Information Note on
VoLTE Modelling
November 2015
Information Note on VoLTE Modelling in Atoll
Introduction
Among the various technical aspects of the Voice over LTE (VoLTE) service, the following should be modelled in radio network
planning and optimisation software:
Radio bearers
Receiver sensitivity
Voice codecs
TTI bundling
Semi-persistent scheduling
This note briefly describes how the VoLTE service is modelled in Atoll.
If this is the case, you can add radio bearers dedicated to the VoLTE service in Atolls radio bearers table. The following figure
shows an example of such radio bearers.
Notice the separate radio bearer indexes and names that help identify these bearers in other user interface elements such
as the bearer selection thresholds defined in the reception equipment.
The bearer efficiency in Atoll corresponds to the number of useful bits per symbol transmitted over the air. Whether these
bits are user data or also include headers, CRC bits, etc., is not relevant at the physical layer.
Once you have defined dedicated VoLTE bearers, you must specify their required sensitivity levels, i.e., the bearer selection
thresholds, and map these bearers to the VoLTE service. These are explained in the following sections.

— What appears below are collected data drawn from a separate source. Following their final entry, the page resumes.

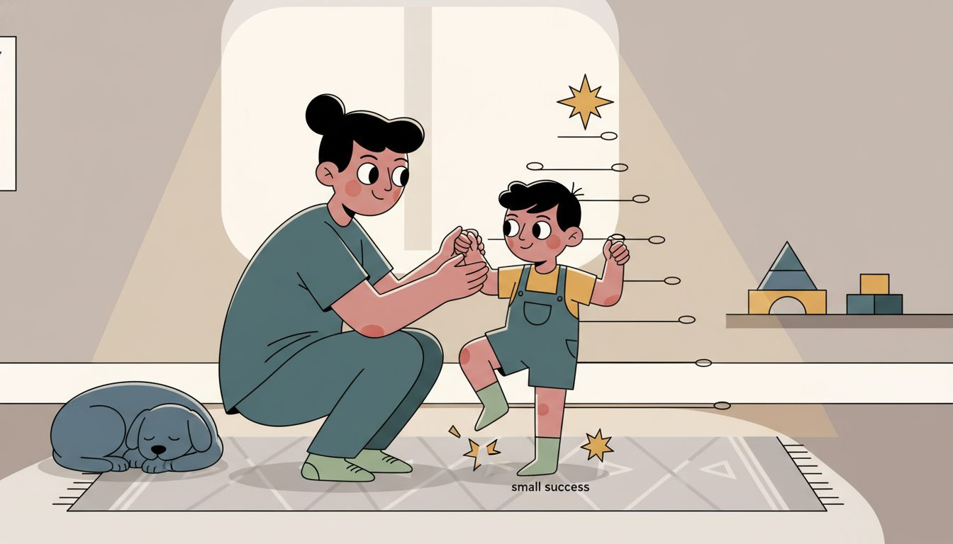 Choose an activity your child finds slightly difficult, like balancing on one foot or using scissors. Break it into small steps and practice together. Celebrate each small success and encourage trying again when they wobble or make mistakes. This shows that skills improve with practice and that mistakes are part of learning.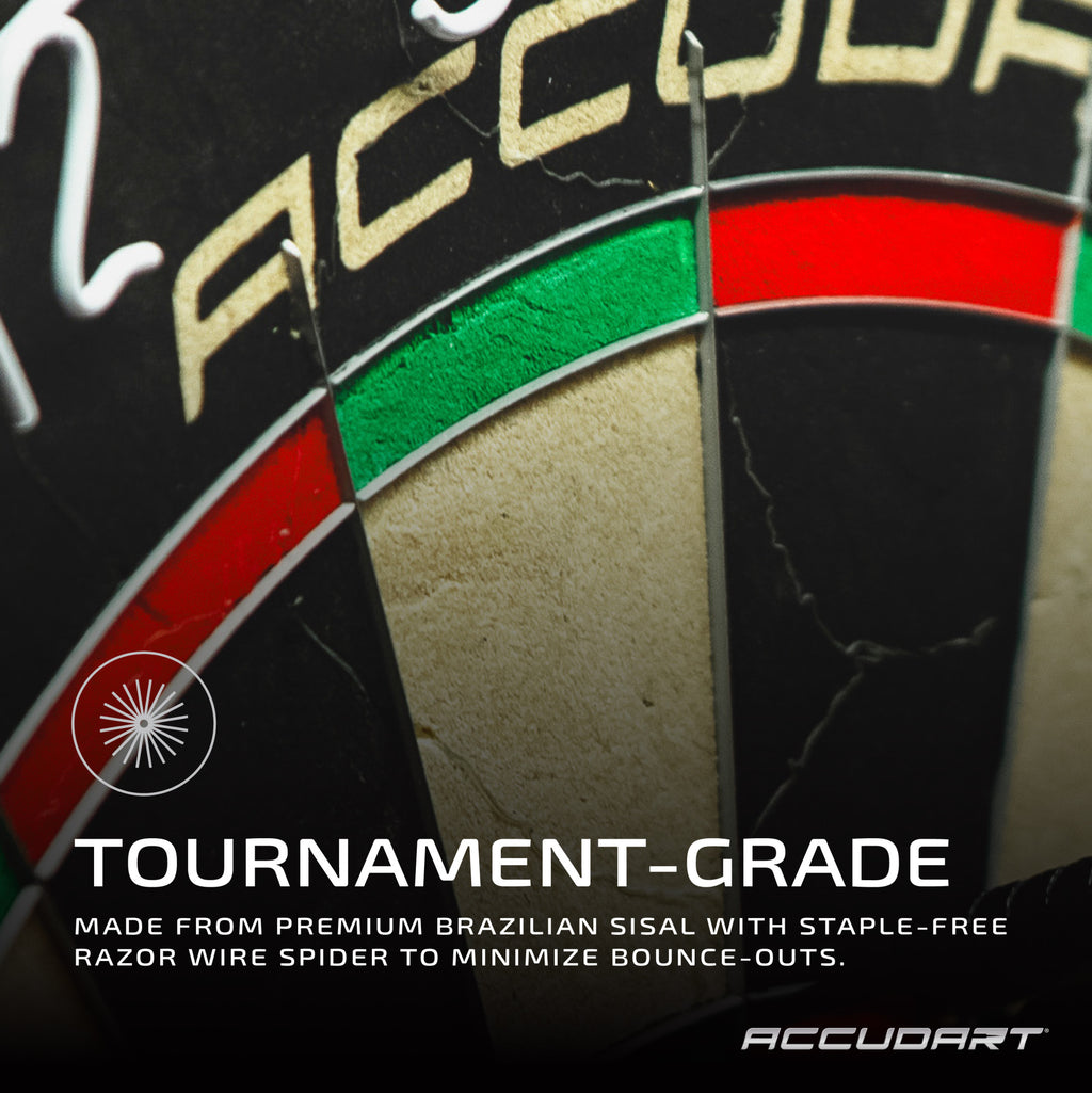 - TOURNAMENT-GRADE DARTBOARD - Made from premium Brazilian sisal with a staple-free razor wire spider to minimize bounce-outs.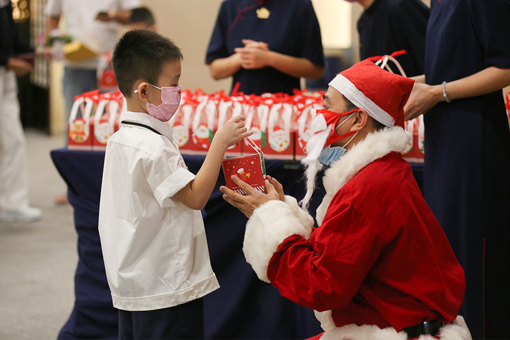 时值圣诞前夕,圣诞老人在典礼尾声将结缘品分发给每一个人,分享爱和喜悦。(摄/ 蔡长盛)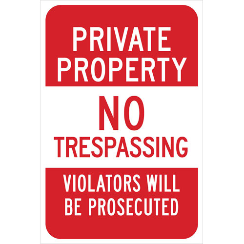 Brady, 115624, 18" x 12" B555 Private Property No Trespassing Violators Will Be... Sign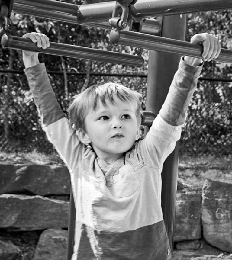 Lucas does look very intent on what he is doing, so your efforts to draw attention to his expression worked effectively. You also captured good sharpness, particularly for his being in motion and the low ISO and shutter speed. I agree with Tom's suggestion to crop some of the top of the image, as that draws even more attention to Lucas. I've also tried selecting him and adjusting contrast slightly, then doing an inverse selection to darken the background, so as to bring even more attention to his eyes and face. Of course, some people don't like square format images, but I'll attach the one I did so you can see what you think. |
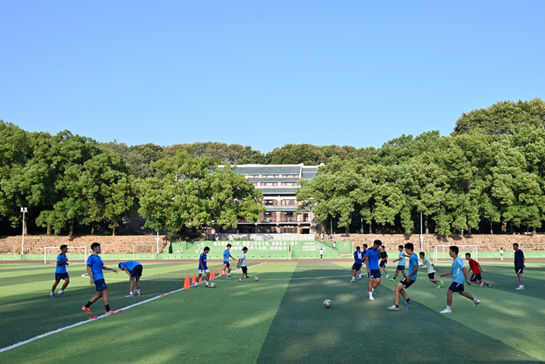 球队的训练早从七月份就开始了,假期先采用了网训的方式。郭浩洋教练制定了详细的训练计划,队员们通过keep打卡,坚持进行力量和耐力的训练。同时搭配颠球,传接球,长传球练习,保持球感。在家里或者附近的运动场,心里装着一份足球的梦想,哪里都是他们的训练场。重复又略显枯燥的动作训练,将技术动作变为肌肉记忆,换来了球场上每一次的精彩表现。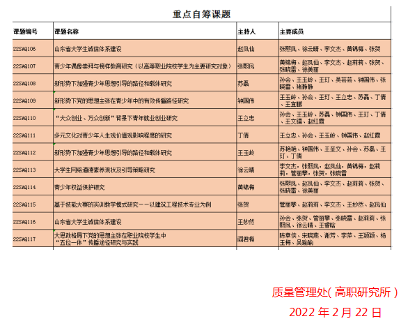 近日,山东省青少年教育科学研究院公布2022年度山东省青少年和青少年工作研究重大课题立项名单,智能工学院多位老师的课题被批准立项,其中孙会老师申报的《大学生职业规划教育研究》获批重点资助项目,资助经费2000元。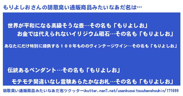 | 意味不明あだ名 | 『住所不定無職もりよしお(7歳)』 |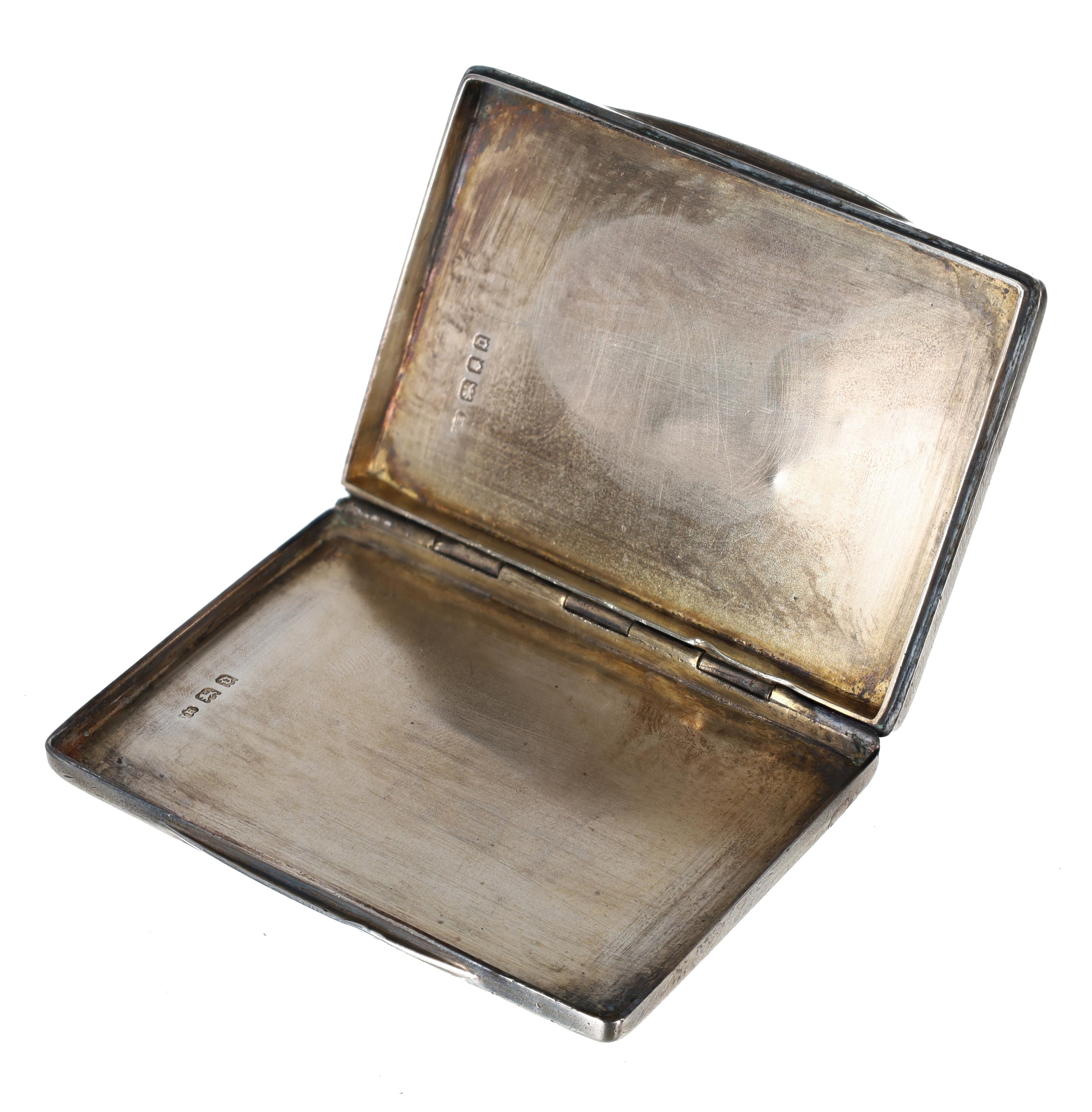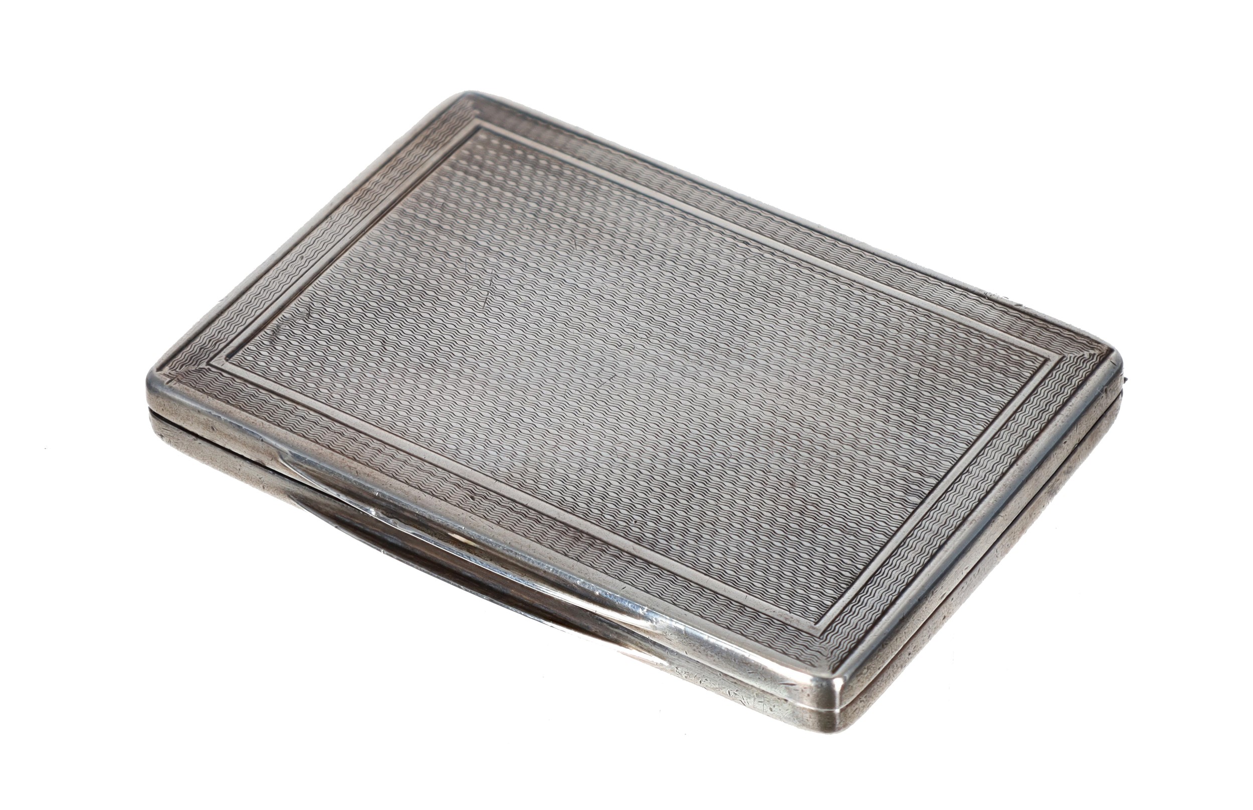 Engine turned silver cigarette case, maker JH (possibly John Henry Hill), London 1919, 2.25" x 3", 91.7gm (WUER1M)

The following figure shows an example of an uplink reception equipment (assigned to cells) that can use all the defined
bearers in uplink. However, which bearers are used for a user depends on the range of bearers that are allowed by the service
being used.
If your equipment supports TTI bundling, the bearer selection thresholds must be adjusted to include the TTI bundling gain
as explained in the next section.
TTI Bundling
TTI bundling provides improved uplink coverage for VoLTE. Using TTI bundling, a UE transmits different redundancy versions
of identical data in four consecutive TTIs, hence improving the reception. The eNB determines which UEs benefit from TTI
Bundling by measuring the uplink channel quality (C/I). TTI Bundling is not beneficial when the UE is in good radio conditions
because a UE in good radio conditions can transmit several packets in one TTI, which allows for efficient scheduling.
Usually, TTI bundling is enabled for QPSK bearers and if the number of allocated physical resource blocks for transmission is
less than or equal to 3. Therefore, as the TTI bundling gain depends on the modulation and coding scheme, it can hence be
modelled in Atoll by modifying the corresponding bearer selection thresholds.
Using these bearers and selection thresholds in the uplink, the TTI bundling gain is applied to QPSK bearers only.
Atolls uplink bandwidth allocation mechanism defined in the scheduler properties (Uplink Bandwidth Allocation Target set
to Best Bearer) ensures that the number of physical resource blocks becomes less than 3 before TTI bundling gain is applied.
In other words, using this method, Atoll calculates the uplink C/I such that QPSK modulations are used when the uplink
allocated bandwidth has already been reduced to 3 physical resource blocks or less.
RLC segmentation is another method for improving uplink VoLTE coverage. RLC segmentation increase the probability of
correct reception of signals in the uplink. If the increase probability of reception can be translated into C/I gains, it can be
modelled in Atoll in a way similar to that for TTI bundling.
A VoLTE service that uses the AMR 12.2 kbps codec has the following characteristics:
Frame size = 244 useful bits = 30.5 octets rounded to 31 octets with 4 empty bits in the end of the AMR frame
AMR frame header = 5 bits, rounded to 1 octet
Compressed RTP/UDP/IP header = 24 bits
PDCP+RLC+MAC header = 24 bits
CRC = 24 bits
Total = 328 bits
If 1 voice packet of 328 bits is sent every 20 ms, the bit rate would be 328/0.02=16.4 kbps.
Looking at these figures from the point of view of Atoll, we can say that the AMR core throughput (12.2 kbps) is the application
throughput (codecs are application layer entities) required for the VoLTE service, and in order to achieve 12.2 kbps at the
application layer, the over-the-air throughput must be at least 16.4 kbps. Whether this includes header bits, CRC bits, padding
bits or any other information, added by the layers between the application layer and the physical layer, is the same for Atoll.
In order to model this service in Atoll, you can set the services minimum and maximum throughput demands to 16.4 kbps
and the scaling factor to 12.2 / 16.4 = 74.4%. Moreover, in the service properties, you can assign the range of dedicated uplink
bearers corresponding to VoLTE.
Semi-Persistent Scheduling
Semi-persistent scheduling (SPS) allows a single PDCCH transmission to allocate resource grants over multiple TTIs for the
VoLTE service. Therefore, SPS has the effect of reducing the PDCCH load since the control information for a user scheduled
with SPS is only transmitted once for several following TTIs. Less PDCCH load ensures less interference over the PDCCH and
better quality.
Atoll models the PDCCH load according to the PDSCH load. This means that Atoll considers the PDCCH to be loaded according
to the amount of traffic served by a cell. Considering Atolls existing interference model, once implemented, SPS will result in
slight decrease in the calculated interference from PDCCH.